England’s 2022 FIFA World Cup campaign came to a sudden end as they were defeated 2-1 by Didier Deschamps’ France in Qatar.
Oliver Giroud bagged the winner in a tense, even game that showcased the best of both teams. Though Kylian Mbappe was quiet, his compatriot Antoine Greizmann pulled the strings by grabbing two assists. Aurelien Tchouameni tucked home a smart strike early on, yet this was the only notable thing Les Bleus managed in the first half.
The reigning champions came out on top in score only, however, as they were the much-inferior team for the lion’s share of the game. Centre-backs Raphael Varane and Dayot Upamecano had a torrid game against Southgate’s lions, and had to resort to last-minute fouls to stop the English from scoring.
What Could Have Been
Shades of the Euro 2004 clash flashed before my eyes as the French took home an undeserved 2-1 victory. In the game 18 years ago, David Beckham missed a penalty, much like Harry Kane, who set his spot-kick so far over the bar it almost reached orbit.
Whilst I have to commend France for their victory, I can’t help but think what could have been. By far the best team at the tournament, England leave the 2022 World Cup as unapologetic martyrs. In the face of arguably the world’s best team, the Three Lions refused to compromise their style and play into France’s hands, instead, we gave it our all, and, sadly, the worse team won on this occasion.
Captain Harry Kane looked pensive upon full-time as the Tottenham striker knew his penalty miss was the reason why extra-time wasn’t a possibility.

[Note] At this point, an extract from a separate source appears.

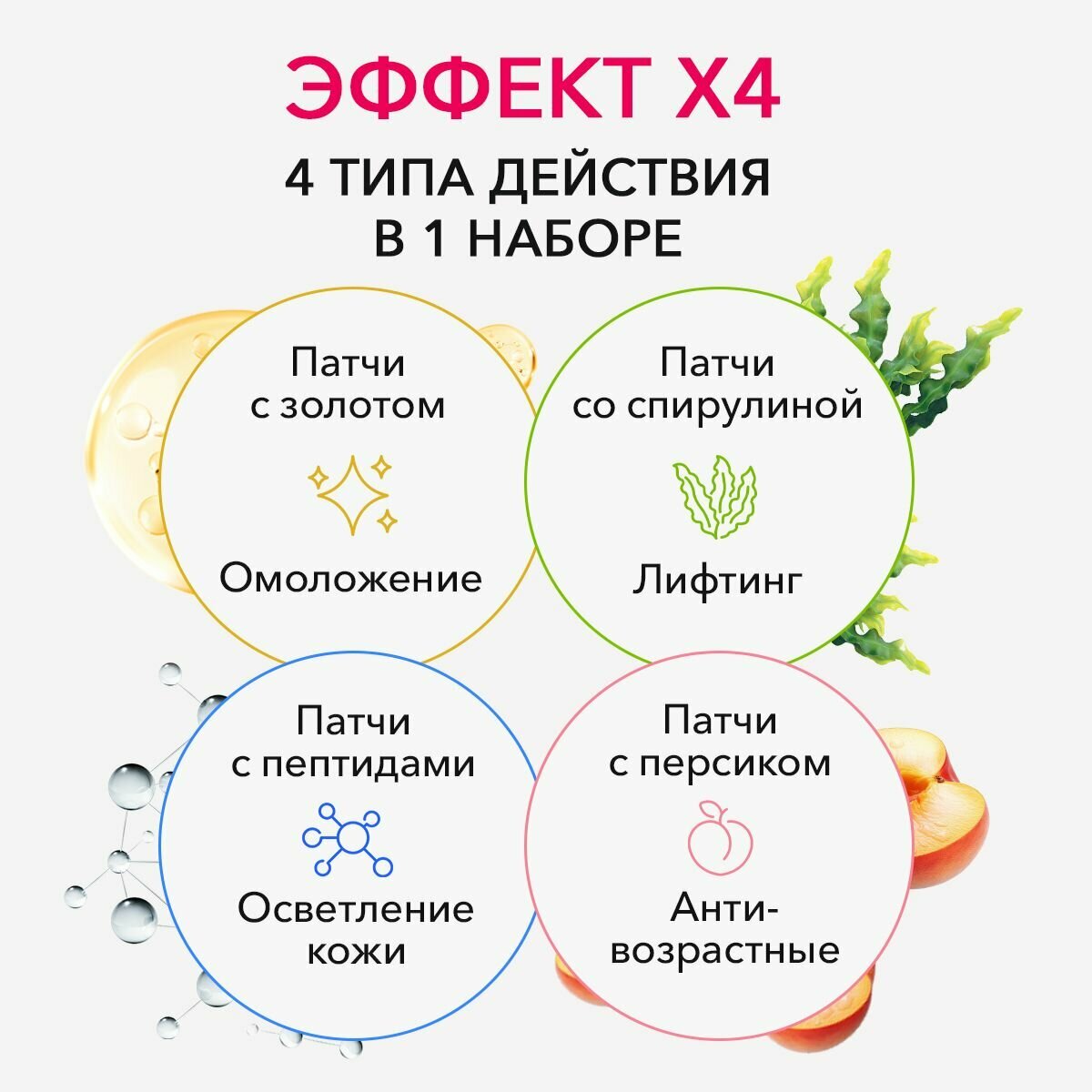 Bioaqua / Гидрогелевые патчи для глаз / Набор 6 видов по 60 шт. / Водоросли / Жемчуг / Пептид / Персик / Спирулина / Золото

With stars like Jack Grealish, James Maddison, and Trent Alexander-Arnold waiting, it’s likely the French would have crumbled as the game went on.
A World Cup Of Shocks
I take nothing away from the effort of the team, however. Though a quarter-final exit is heartbreakingly early, let’s not forget that Qatar 2022 seems to be the World Cup of shocks. Portugal, Brazil, Spain, and Germany have all exited, whilst Croatia and Morocco are in the final four. Perhaps it just wasn’t meant to be for England this year, though I still consider them the rightful winners.
The good news is that by the 2026 World Cup, the crop of players we currently have will still be young and at the top of their game. Notably, the next World Cup will coincide with the 60th anniversary of England’s sole major trophy win - is it fate? I think so.